▸ **Directions**:
Once the line containing "- Denim de poids moyen, sans élasticité" is located in the records below, repeat it and all lines that follow it exactly, leaving out any picture.

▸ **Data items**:
* * * *
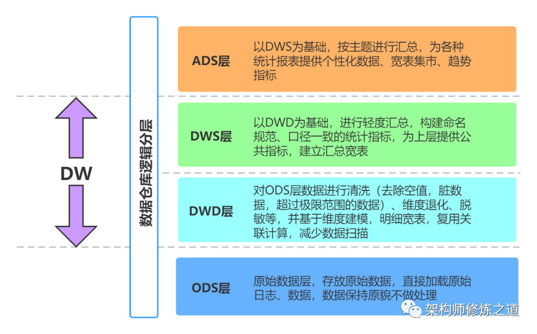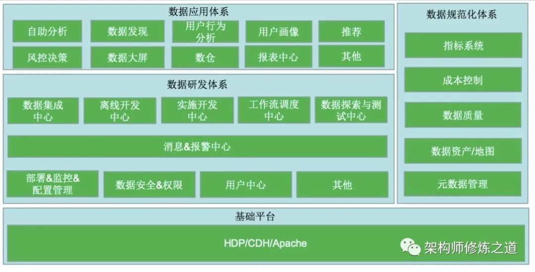 系统与数据调研的目的是厘清企业数据资源的种类、分布、存储及管理现状。系统与数据调研是按业务系统进行盘点的。 业务流程及动作的调研,需要从使用者的角度出发,确认业务系统每个原子操作产生了哪些数据,数据存储在哪些数据表中。数据源盘点需关注数据源种类,如结构化、半结构化和非结构化数据,以及链接地址、账号、密码、可抽取数据的时间段等;数据表级别关注是否为核心表、时间戳字段、数据更新标识、表的总数据量、日增数据量等信息。 系统与数据调研完后,需输出相应的产出物,并与业务系统的相关人员就输出物中的产出项进行沟通和确认。 规划阶段包含业务侧和技术侧的调研,可以并行开展。在业务侧完成调研及需求规划后,技术侧需要结合业务侧的产出进行相关的数据探查事项,主要目的是确认调研产出是否足够支撑业务规划的数据应用建设。总体规划在最终定稿后,业务侧需输出指标、标签清单、数据应用规划文档等,而技术侧需输出技术和系统调研的相关输出物,以及系统调研阶段的总结性报告。第一阶段的规划工作完成后,进入总体的架构设计阶段。由阿里巴巴提出的 OneData 的核心思想是统一数据主体、统一数据建模、统一数据服务以及一系列的数据管理体系。在设计阶段,可以参考这几个方面进行考虑与架构。如下图所示。数据中台的数据架构设计是基于需求调研阶段的业务需求、数据情况,完成数据中台概要设计工作。数据架构设计主要包含 OneModel 、OneID 和 OneService 。数据中台就是要在整个企业中形成一个公共数据层,实现数据的复用,所以强调数据只加工一次,不会因为不同的应用场景造成数据重复加工。数据划分主题进行管理:表的命名,字段的命名等规范统一,做到见名知义数据格式和字段命名和定义规范化:具体参考离线数仓项目讲解的表和字段命名规范:数仓分层-业务主题域-业务过程-基础信息-分区规则数据模型复用:推荐采用分层的设计方式,通常包括:ODS,DWD,DWS,ADS DM,DIM。数据完善:数据中台尽可能的覆盖到所有业务过程,用户和系统的一切行为都被记录下来永久保存OneData 体系的目标是构建统一的数据规范标准,让数据成为一种资产,而不是成本。业务板块:根据业务的特点和需求将相对独立的业务划分成不同的业务板块,不同业务板块之间的指标或业务重叠度较低。数据域是指面向业务分析,将业务过程或者维度进行抽象的集合。数据域划分上,需要从三个方面进行考虑。1)全局性:站在企业高度上,保障良好的扩展性和稳定性。2)数量适中:根据业务情况,划分的粒度要粗细合适,通常在 5~15 个。3)可理解:站在业务的角度上,确保划分便于理解,不产生歧义。在划分数据域时,既要涵盖当前所有业务的需求,也要考虑有新业务的弹性扩展。总线矩阵:在进行了充分的业务调研和需求调研后,就要构建总线矩阵了。总线矩阵由业务处理过程和维度组成一个二维表格。在行为不同的业务处理过程与维度的交叉点上打上标记,表示该业务处理过程与该维度相关。数据分层:数据模型以维度建模理论为基础,建设数据中台的公共数据层。一般将数据模型划分为操作数据层(ODS)、通用数据模型层(CDM)和应用数据层(ADS)。OneID 配置:主要根据具体的业务需求,完成数据源表、ID 映射表、歧义规则表的设置工作。OneID 数据处理:主要通过数据源表和 ID 映射表等配置表单完成原始数据的数据拉取和清洗等操作,生成基础数据。OneID 规则计算:主要利用图计算框架完成关键连接点的搜索和歧义数据的图连通工作,并根据配置的规则对图数据进行切割,从而唯一确定一个实体的身份信息,生成 OneID。OneID 数据存储和展示:主要完成 OneID 图数据存储和展示,以及最后生成的 OneID 清单数据存储等。OneService 包括以下功能模块:服务单元设计、API 设计、API 审核和 API 运营。服务单元设计是指将单个或多个物理表配置成一个视图。基于配置好的服务单元,通过简单可视化界面或 SQL 脚本,设计 API 的请求参数和返回参数。API 设计好后,将其发布至服务市场供使用者调用。API 在被使用前,需要经过申请审批。被使用的 API 需要运维及监控,包括平均响应时长、调用次数、错误率等指标的监控,还可以配置 API 的告警及限流措施等。结合前期调研的业务需求和数据现状,从宏观层面规划出数据中台的各个模块、各个功能部件所用到的技术总体架构图。采集架构:数据采集打通各种数据来源,为数据中台提供待分析和处理的数据,主要分为实时和离线数据采集。存储架构:整个存储架构包含原始数据源存储技术、数据源接入技术、数据中台数据存储与计算技术、数据服务及数据应用技术。数据流:从业务数据进入数据采集通道,到进入数据中台在各个加工任务中流转,再到数据对外服务的这个过程,需要进行哪些存储、哪些技术处理等,这些步骤需要在设计时就以数据流向用流程图的形式画出。网络架构:数据中台涉及与多方的源系统进行数据交互,而网络设计对于后续数据同步、接口调用等有较大影响。部署架构:这部分设计主要涉及数据中台的研发平台与应用软件。需包含整体的部署方案。安全架构:主要包含研发平台的用户角色权限控制方案、开发与生产环境隔离方案、数据安全方案。良好的数据模型可方便、有效地组织数据中台中存
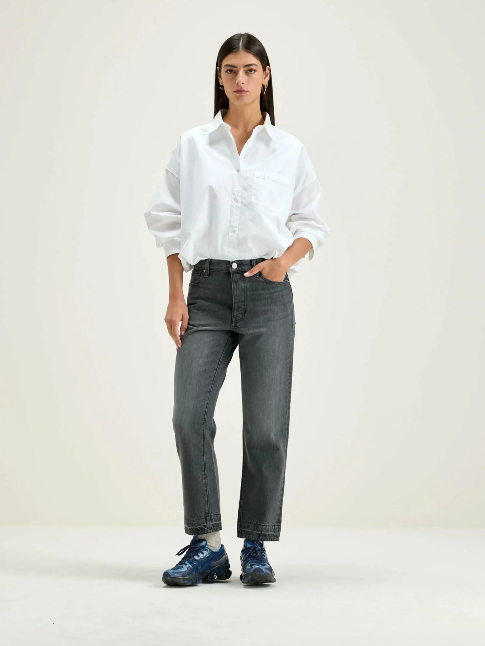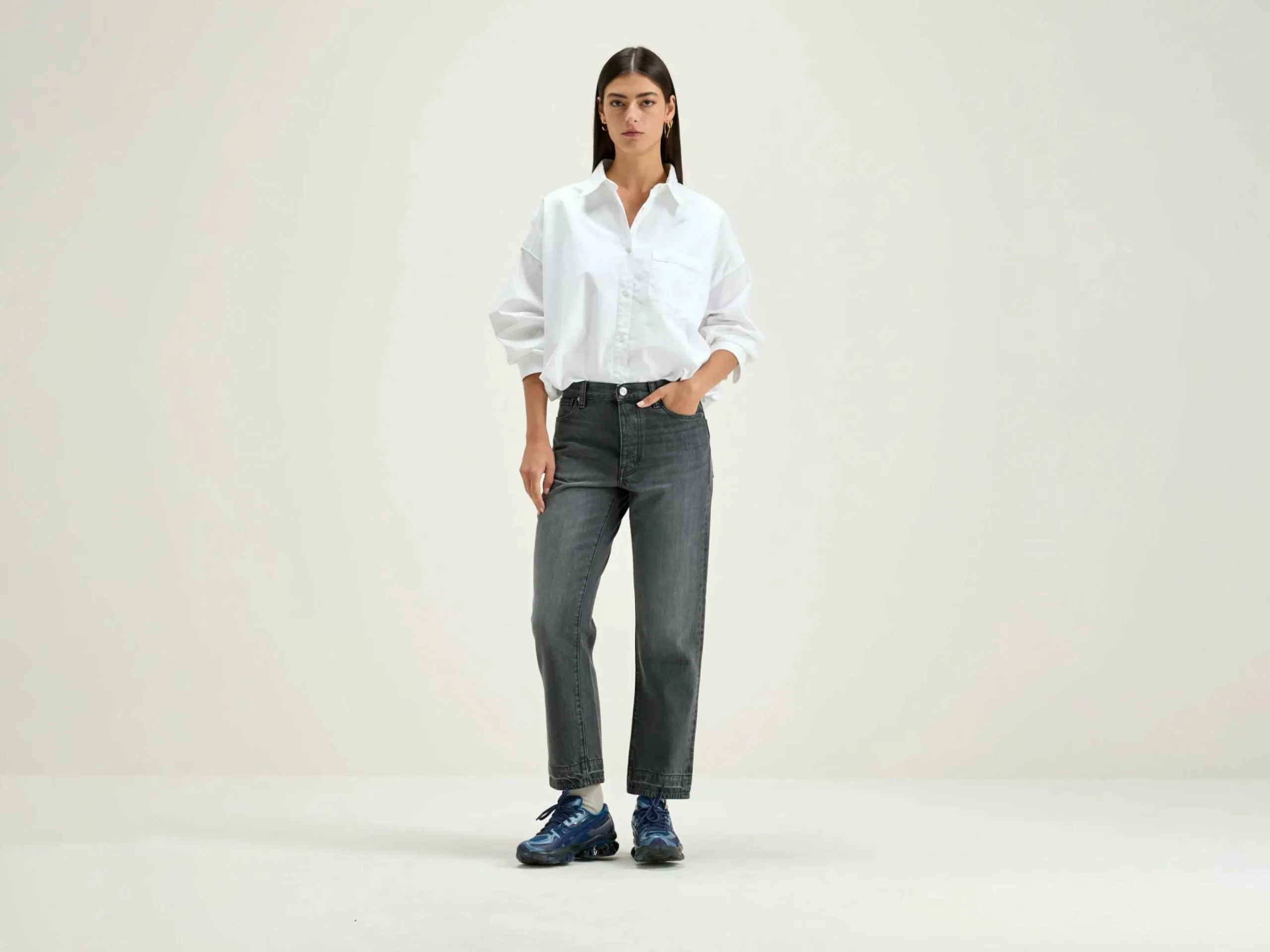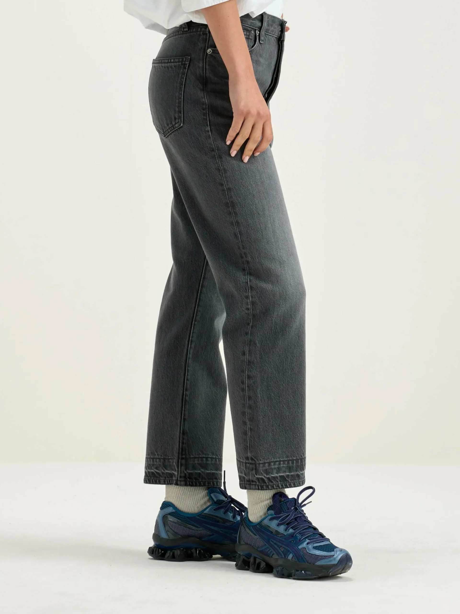 - Denim de poids moyen, sans élasticité
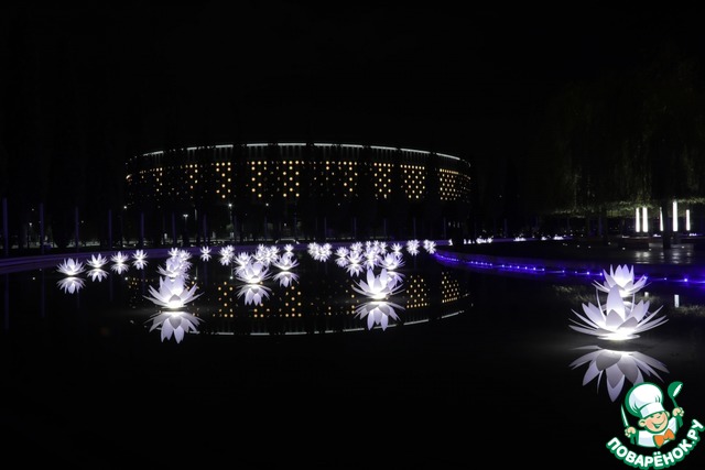 Светящиеся лотосы расположились в искусственном водоёме с деревянным покрытием и «водопадом». Точное количество цветков, думаю, знает только тот, кто их монтировал.
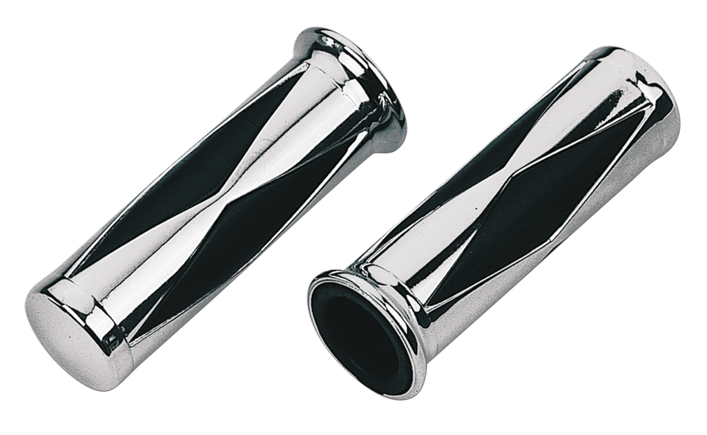 In addition to our range of our Diamond foot pegs, we also offer this grip set in the same design for the finishing touch. Features thick one piece rubbers inside to absorb vibrations and brightly chromed sleeves.
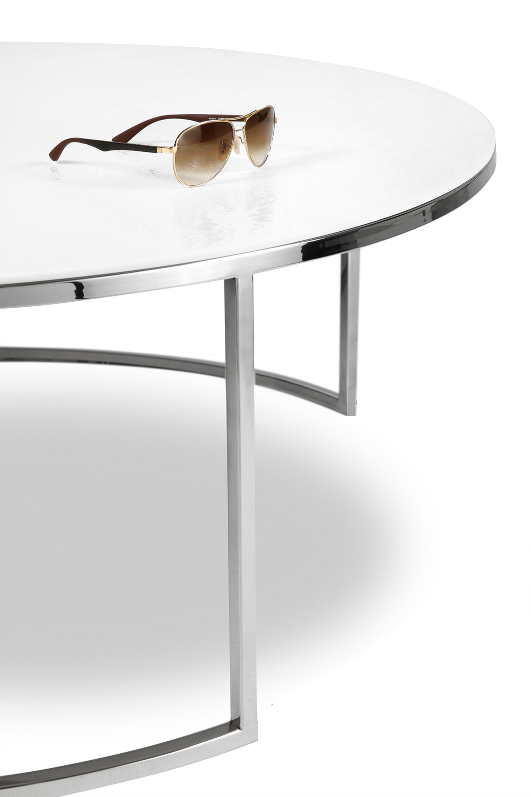 Komplet cechuje duża praktyczność użytkowania. Spójną kompozycje uzyskujemy dzięki odpowiednio dobranej i wyprofilowanej okrągłej podstawie, która w połączeniu z drugim stolikiem tworzy bardzo praktyczny zestaw, ponieważ podstawę mniejszego stolika, możemy wsunąć pod większy.
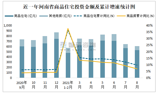 根據國家統計局數據統計可知:2021年8月河南省房地產開發投資商品房投資金額為608.190000000001億元(其中商品住宅為531.59億元,辦公樓、商業營業用房等其他用房76.6億元);2021年1-8月河南省房地產開發投資商品住宅累計投資金額為4231.3億元,投資金額累計同比增長9.8%。
* * * *
▸ **Your response**:
 - Denim de poids moyen, sans élasticité
 Светящиеся лотосы расположились в искусственном водоёме с деревянным покрытием и «водопадом». Точное количество цветков, думаю, знает только тот, кто их монтировал.
 In addition to our range of our Diamond foot pegs, we also offer this grip set in the same design for the finishing touch. Features thick one piece rubbers inside to absorb vibrations and brightly chromed sleeves.
 Komplet cechuje duża praktyczność użytkowania. Spójną kompozycje uzyskujemy dzięki odpowiednio dobranej i wyprofilowanej okrągłej podstawie, która w połączeniu z drugim stolikiem tworzy bardzo praktyczny zestaw, ponieważ podstawę mniejszego stolika, możemy wsunąć pod większy.
 根據國家統計局數據統計可知:2021年8月河南省房地產開發投資商品房投資金額為608.190000000001億元(其中商品住宅為531.59億元,辦公樓、商業營業用房等其他用房76.6億元);2021年1-8月河南省房地產開發投資商品住宅累計投資金額為4231.3億元,投資金額累計同比增長9.8%。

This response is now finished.